IHPA works in partnership with the Australian Government, state and territory governments and other stakeholders. IHPA conducts its work independently from governments, which allows the agency to deliver impartial, evidence‑based decisions. It is transparent in its decision‑making processes, and consults extensively across the health industry.

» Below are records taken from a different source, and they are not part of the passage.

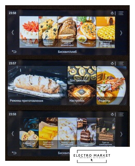 | Режимы работы | нижний нагрев, верхний нагрев, двухсторонний нагрев, большой гриль, вентиляционный нагрев, гриль + конвекция, двухсторонний нагрев + конвекция, размораживание, поддержание температуры (подогрев), подготовка теста |
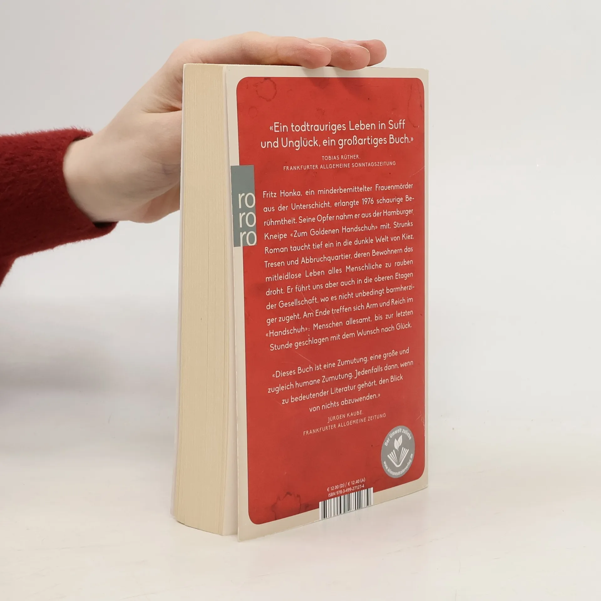 Fritz Honka, ein minderbemittelter Frauenmörder aus der Unterschicht, erlangte 1976 schaurige Berühmtheit. Seine Opfer nahm er aus der Hamburger Kneipe «Zum Goldenen Handschuh» mit. Strunks Roman taucht tief ein in die dunkle Welt von Kiez, Tresen, Abbruchquartier, deren Bewohnern das mitleidlose Leben alles Menschliche zu rauben droht. Er führt uns aber auch in die oberen Etagen der Gesellschaft, wo es nicht unbedingt menschlicher zugeht. Am Ende treffen sich Arm und Reich im «Handschuh»: Menschen allesamt, bis zur letzten Stunde geschlagen mit dem Wunsch nach Glück. Jetzt im Kino, verfilmt von Fatih Akin
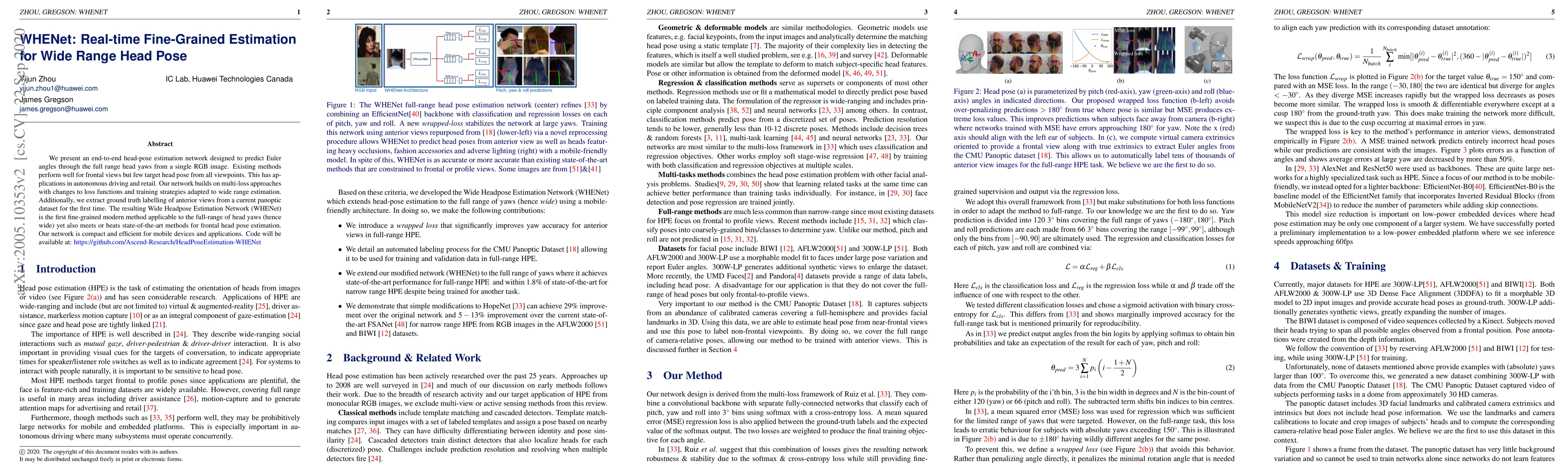 The paper introduces WHENet, a novel head-pose estimation network that effectively handles wide-range head yaws using a wrapped loss function and an automated labeling method for the CMUPanoptic dataset.
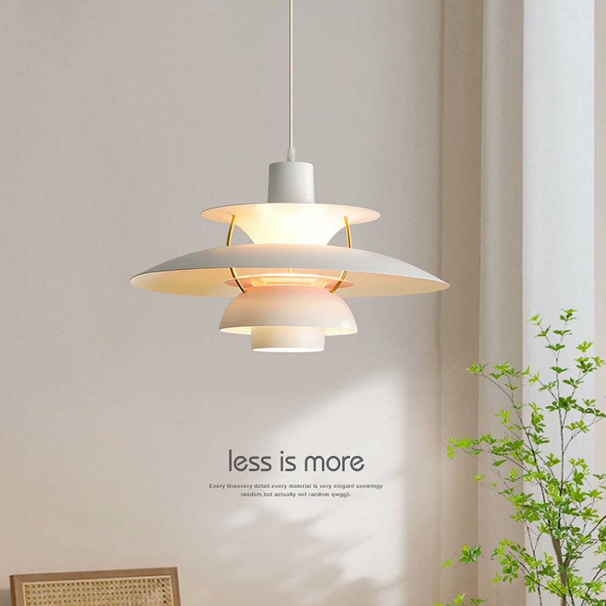 Lustre Minimaliste Moderne, Style Nordique, Suspension Danoise PH5 avec Abat-Jour Imitation OVNI, Luminaires Suspendus Au Plafond pour Chambre à Coucher Salon Salle à Manger Cuisine(50cm,White 2)
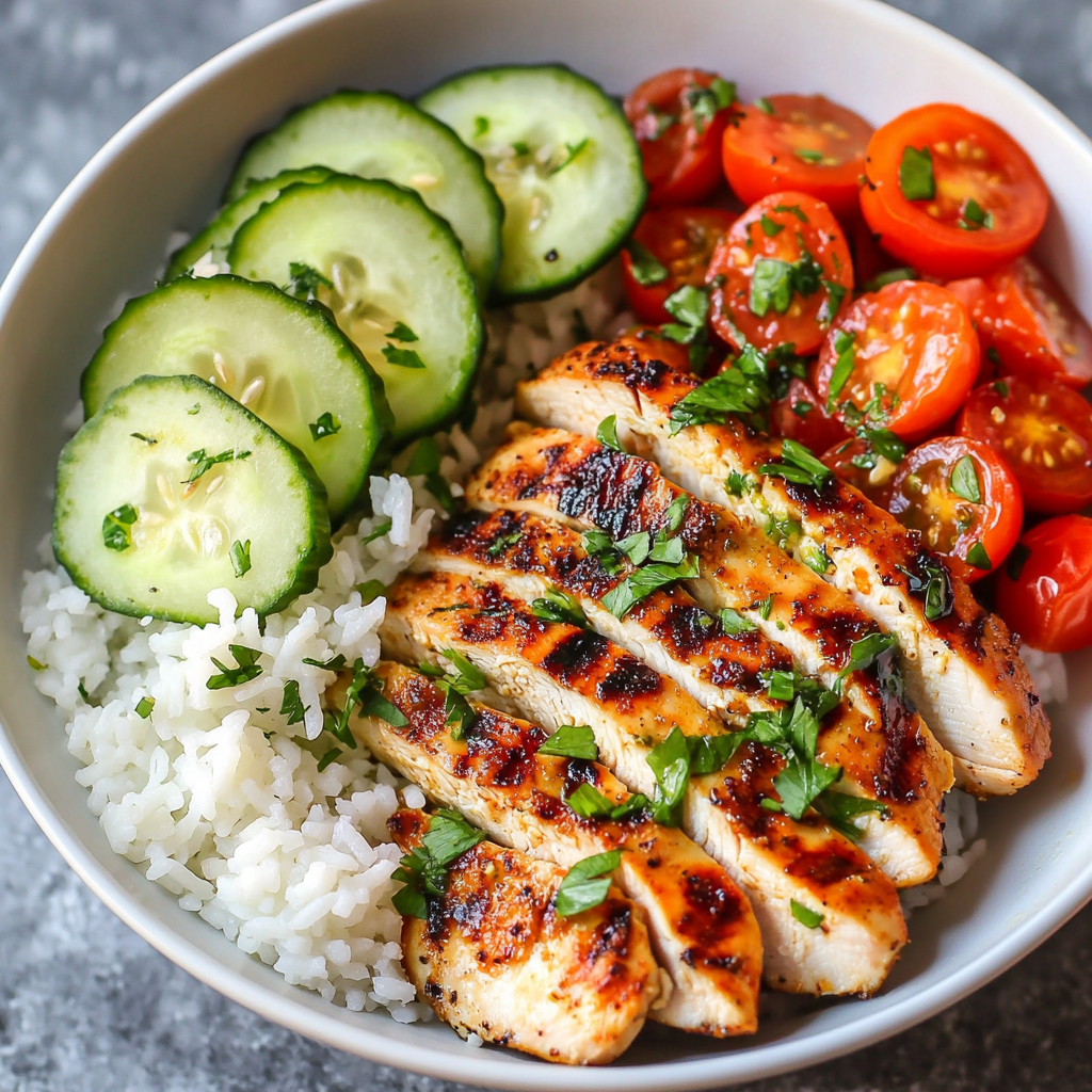 Grilled Chicken with Rice and Fresh Tomato-Cucumber Salad is a delightful dish that combines the smoky flavors of grilled chicken breast with fluffy rice and a refreshing salad. Perfect for busy weeknights or weekend gatherings, this recipe is not only quick to prepare but also offers a satisfying balance of flavors and textures. The vibrant salad adds freshness, while the protein-packed chicken keeps you feeling full. With its easy preparation and adaptability, this meal is sure to become a family favorite.

Extensive consultation with governments and stakeholders informs the methodology that underpins IHPA’s decisions and work program. IHPA has a formal consultation framework in place, to ensure that it draws on an extensive range of expertise in undertaking its functions. Input from stakeholders, through IHPA’s multiple committees and working groups, ensures that IHPA’s work is informed by expert clinical advice, which helps to establish and consolidate IHPA’s credibility throughout the industry.

Performance criteria

  1. Appropriate committees and working groups maintained to support IHPA’s functions.
  2. Public consultation processes conducted in accordance with the National Health Reform Act 2011.
  3. All stakeholder input is appropriately considered.
  4. Inbox enquiries responded to within a two‑week timeframe.
  5. Annual national conference hosted for a broad audience in the health industry.

Source

  • 2019–20 Corporate Plan
  • 2019–20 Work Program

Results against performance criteria

  1. In 2019–20 IHPA maintained up to 18 committees and working groups, to provide expert advice and to ensure the transparency and integrity of the organisation. During the reporting period, IHPA held 78 meetings with the various committees and working groups.
  2. IHPA conducted two public consultation processes in 2019–20, each in accordance with the National Health Reform Act 2011. These included:
    1. Pricing Framework for Australian Public Hospital Services 2020–21 (July 2019)
    2. IHPA Work Program 2020–21 (May 2020)
  3. All submissions received by IHPA, as part of consultation processes, were presented to the Pricing Authority for consideration and published on the IHPA website.
  4. IHPA received 194 inbox enquiries during the reporting period. IHPA responded to 51% within two weeks and to 37% of those on the day of receipt.

    Response rate to enquiries 1 July 2019 – 30 June 2020

    Total request

    Same day response

    1–7 days

    7–14 days

    15+ days

    194

    72

    82

    17

    23

  5. Delegates at the Activity Funding Conference in 2019 indicated a biennial rather than annual conference would be better suited with their personal and organisational needs. IHPA has taken their feedback on board and decided to hold the event biennially. The next conference will be held in May 2021.